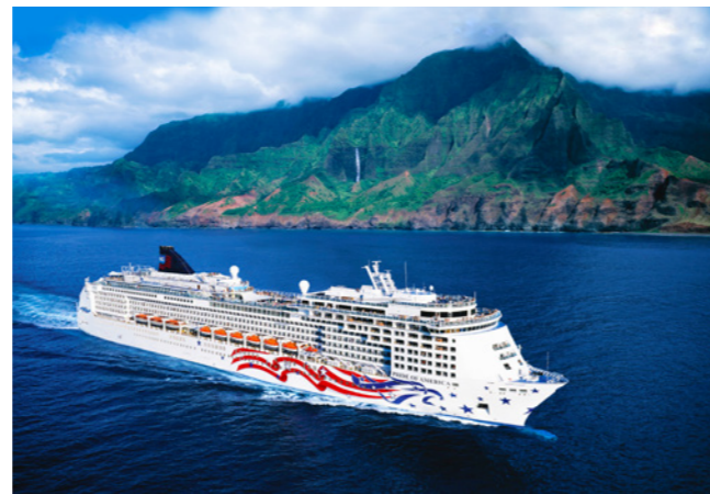
Pride of America
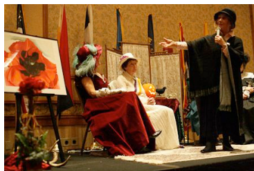
Legendary Women performances
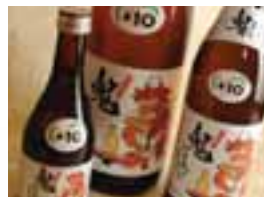
Demon Slayer +3 MICHINOKU ONIKOROSHI Known for its dry & brisk flavors; well-rounded, it complements a wide variety of dishes $90 1800ml $45 720ml $22 300ml $8 glass
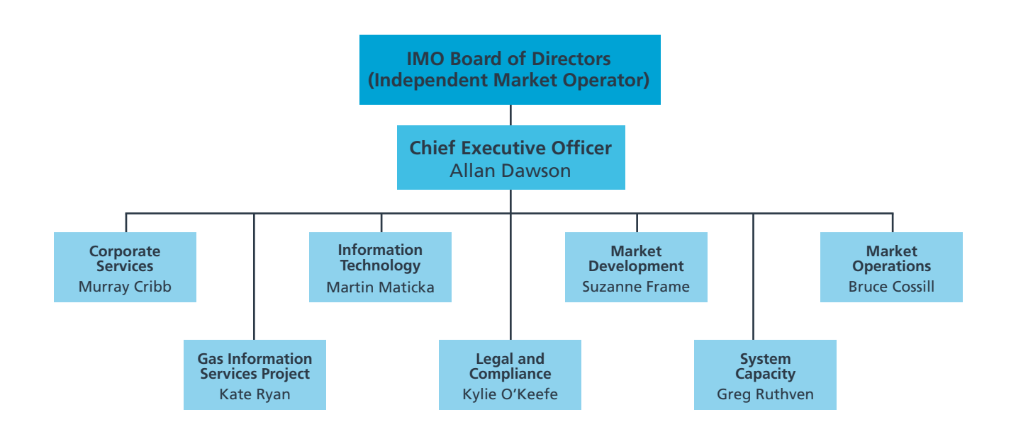
Figure 1. IMO Organisational Chart
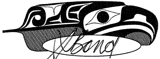
Shirley Bond Minister of Education
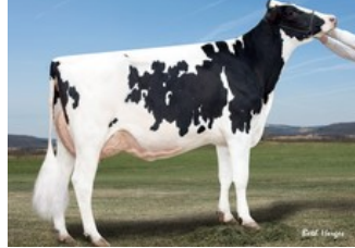
Gold-N-Oaks Arabell 1765 VG-88,
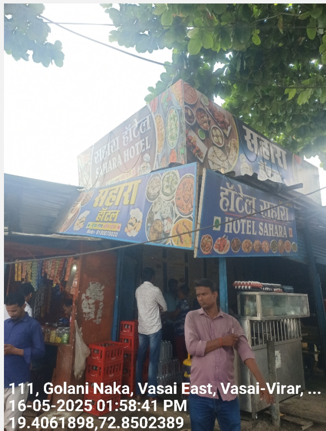
111, Golani Naka, Vasai East, Vasai-Virar, ... 16-05-2025 01:58:41 PM 19.4061898,72.8502389

Shop front with horizontal view covering the left & right of the shop establishing if the shop is an individual structure, in a marketplace, highway, isolated place, in a cluster framework.
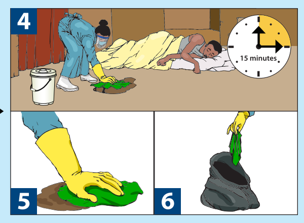
Put soaked cloth on top of spill. Let sit for 15 minutes. Then clean up and throw in waste bag.
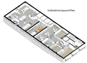
Indicative Layout Plan
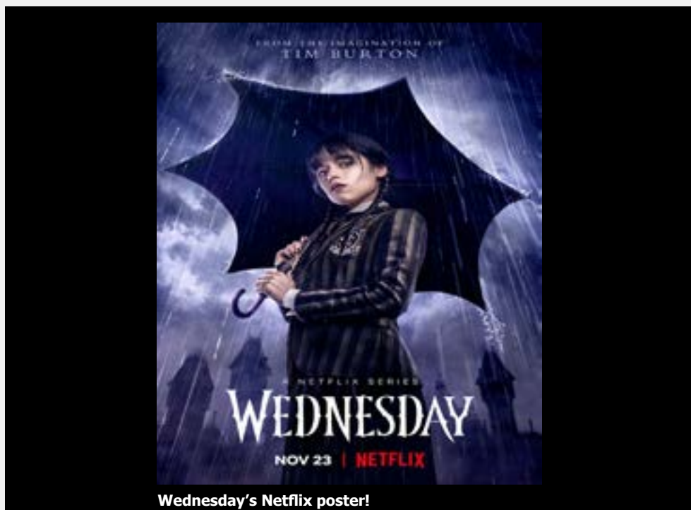
Wednesday's Netflix poster!
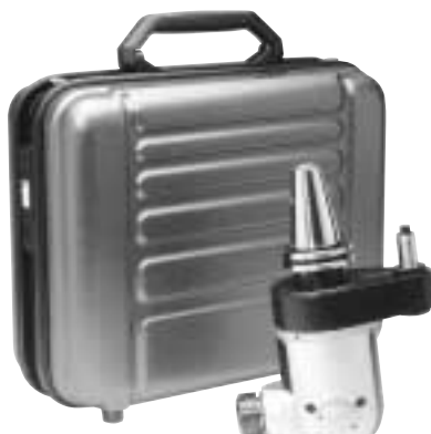
PVI Angle Head with Case.
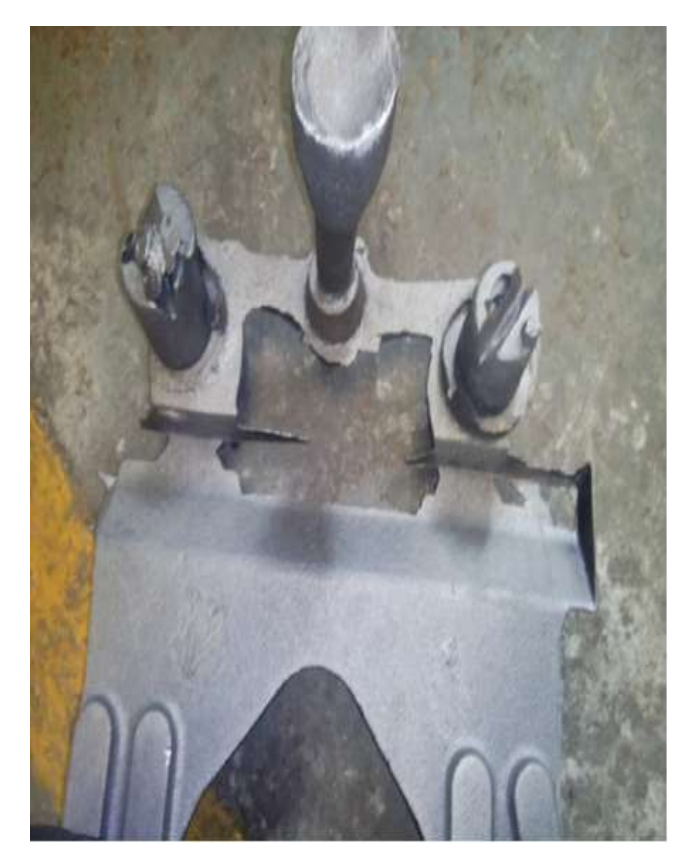
Fig -1 : support flywheel housing.

For installation plan we can utilize any sort material. In any case, it relies upon nature of work, work piece and so on. A few apparatuses are structured from wood material, a few installations are from metal, some are from plastic materials, and some are from composite materials and so on. As indicated by help fly wheel lodging part, it is chosen mellow steel material, for structuring of install.
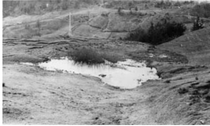
Fig. 2. Landslide area on the left slope of Potoci gulf, 1966

for landslide mitigation: retaining walls, drains for eliminating water excess, Japanese wattleworks. The great majority of these works is functional at the present (Fig. 4).
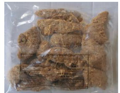
Chicken Gujoun 06 Pack X 800 gm
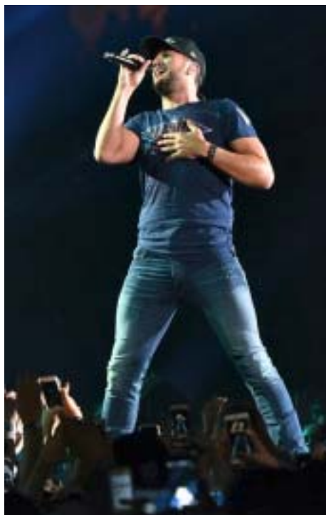
Luke Bryan, the Country Music Association's "Entertainer of the Year" lived up to his award on Saturday at the Dome.

At the end of the show Luke left the stage and all the lights turned off in the Dome. A
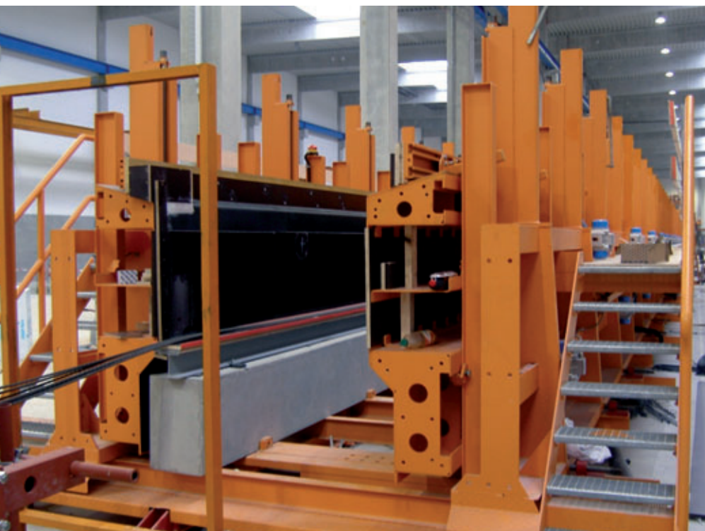
Formwork with hook-in parts for beams

Due to the extreme formwork length of 99 m, 4-5 identical elements can usually be manufactured in parallel in the universal formwork, depending on the dimensions of the concrete parts. This allows even large quantities to be supplied within the shortest time.

> What needs to be done
Set down all the material exactly once more. No pictures.

> Task solution
Pride of America
Legendary Women performances
Demon Slayer +3 MICHINOKU ONIKOROSHI Known for its dry & brisk flavors; well-rounded, it complements a wide variety of dishes $90 1800ml $45 720ml $22 300ml $8 glass
Figure 1. IMO Organisational Chart
Shirley Bond Minister of Education
Gold-N-Oaks Arabell 1765 VG-88,
111, Golani Naka, Vasai East, Vasai-Virar, ... 16-05-2025 01:58:41 PM 19.4061898,72.8502389

Shop front with horizontal view covering the left & right of the shop establishing if the shop is an individual structure, in a marketplace, highway, isolated place, in a cluster framework.
Put soaked cloth on top of spill. Let sit for 15 minutes. Then clean up and throw in waste bag.
Indicative Layout Plan
Wednesday's Netflix poster!
PVI Angle Head with Case.
Fig -1 : support flywheel housing.

For installation plan we can utilize any sort material. In any case, it relies upon nature of work, work piece and so on. A few apparatuses are structured from wood material, a few installations are from metal, some are from plastic materials, and some are from composite materials and so on. As indicated by help fly wheel lodging part, it is chosen mellow steel material, for structuring of install.
Fig. 2. Landslide area on the left slope of Potoci gulf, 1966

for landslide mitigation: retaining walls, drains for eliminating water excess, Japanese wattleworks. The great majority of these works is functional at the present (Fig. 4).
Chicken Gujoun 06 Pack X 800 gm
Luke Bryan, the Country Music Association's "Entertainer of the Year" lived up to his award on Saturday at the Dome.

At the end of the show Luke left the stage and all the lights turned off in the Dome. A
Formwork with hook-in parts for beams

Due to the extreme formwork length of 99 m, 4-5 identical elements can usually be manufactured in parallel in the universal formwork, depending on the dimensions of the concrete parts. This allows even large quantities to be supplied within the shortest time.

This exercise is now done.